* Provided information:
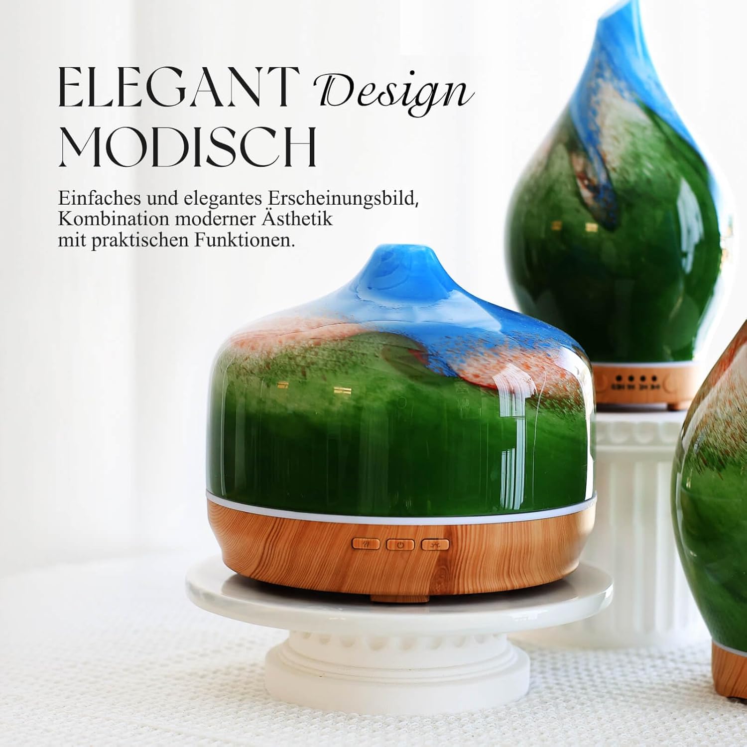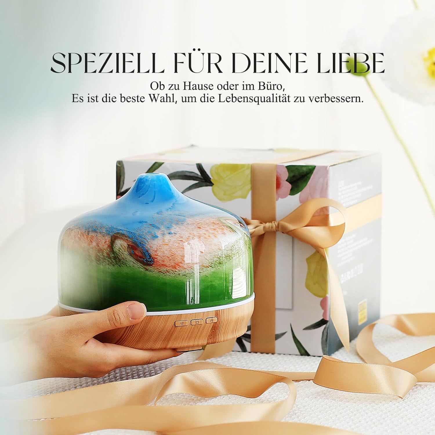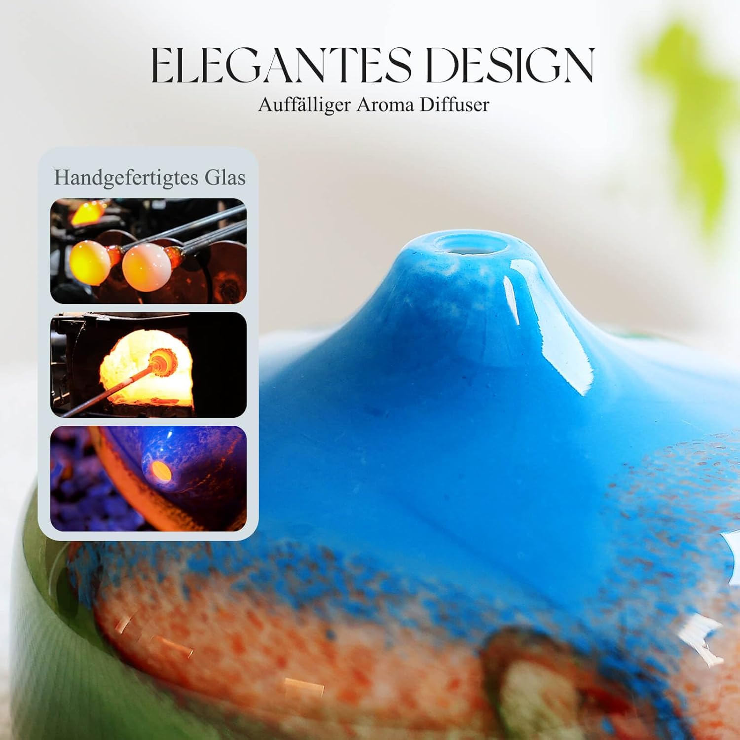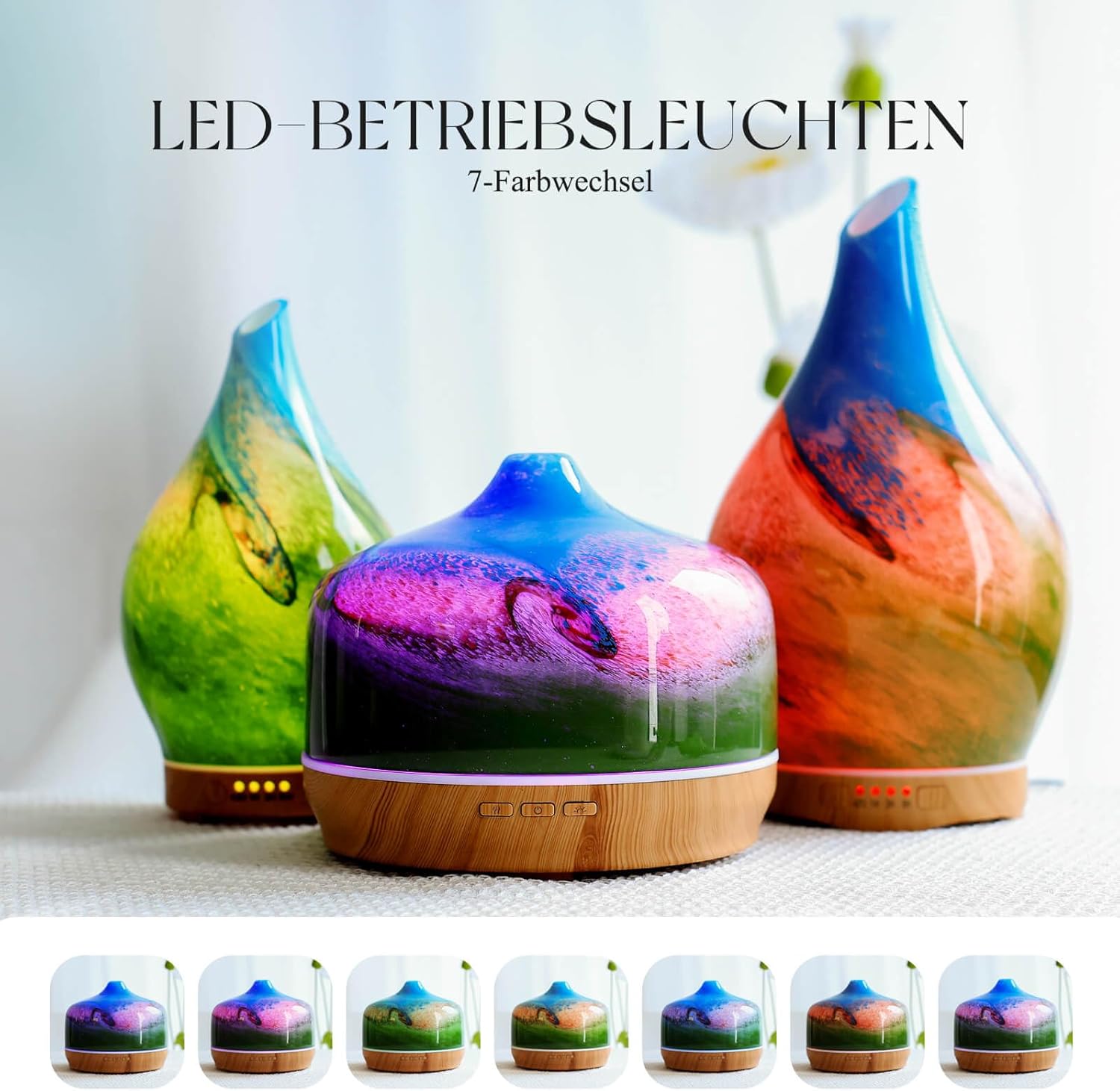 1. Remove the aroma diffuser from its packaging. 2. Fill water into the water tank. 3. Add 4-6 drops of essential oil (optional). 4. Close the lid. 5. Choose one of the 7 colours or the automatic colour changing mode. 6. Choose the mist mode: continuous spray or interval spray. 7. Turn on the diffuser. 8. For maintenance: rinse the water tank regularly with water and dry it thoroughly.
---
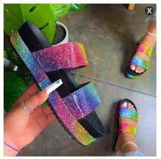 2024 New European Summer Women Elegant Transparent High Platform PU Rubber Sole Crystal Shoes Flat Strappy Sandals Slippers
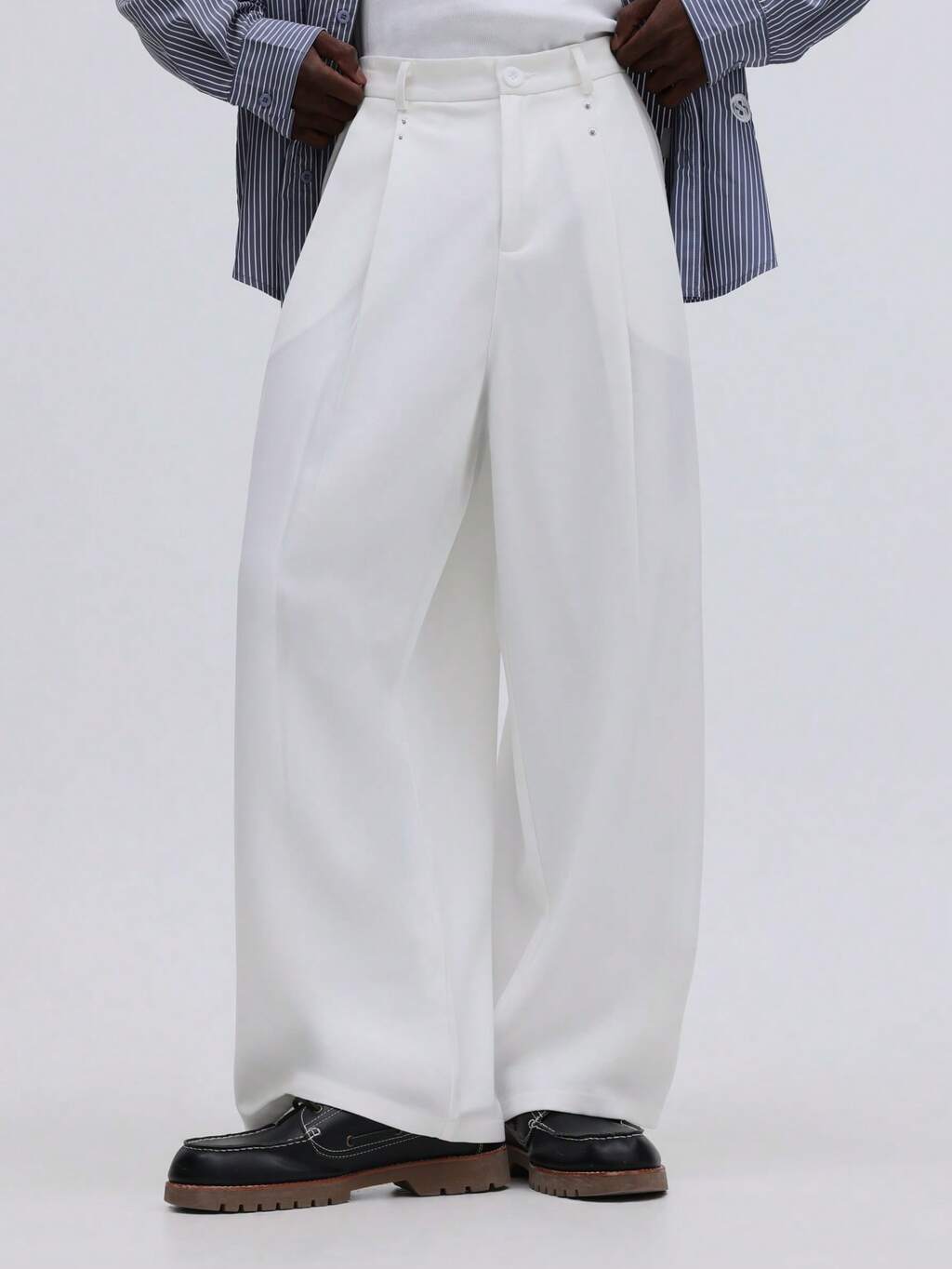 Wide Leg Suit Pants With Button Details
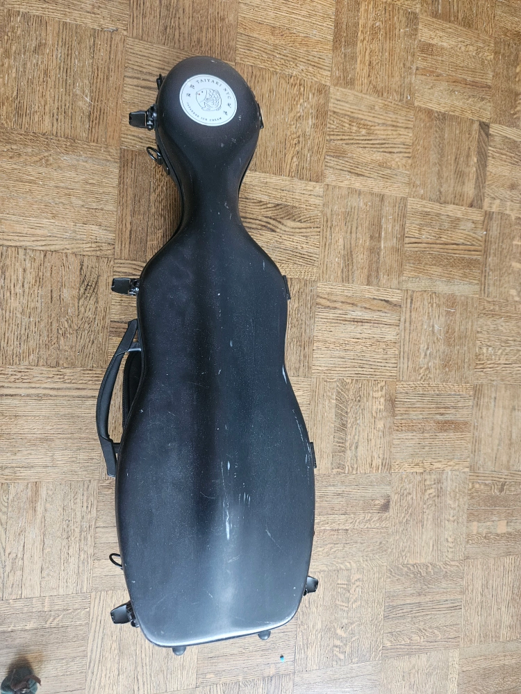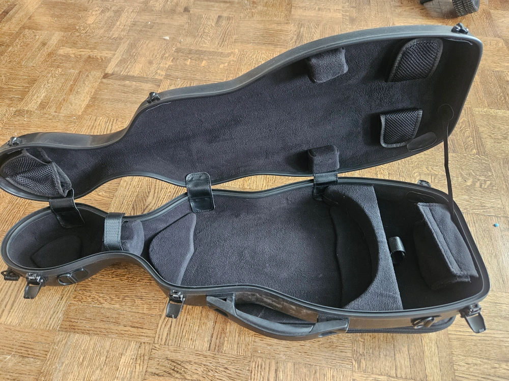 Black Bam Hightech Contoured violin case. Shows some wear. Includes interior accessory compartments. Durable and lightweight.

* Exercise description:
Give again the stretch of the entries above that begins at the line with "2024 New European" and ends at the line with "Black Bam Hightech", word for word, with no pictures.

* Response area:
 2024 New European Summer Women Elegant Transparent High Platform PU Rubber Sole Crystal Shoes Flat Strappy Sandals Slippers
 Wide Leg Suit Pants With Button Details
 Black Bam Hightech Contoured violin case. Shows some wear. Includes interior accessory compartments. Durable and lightweight.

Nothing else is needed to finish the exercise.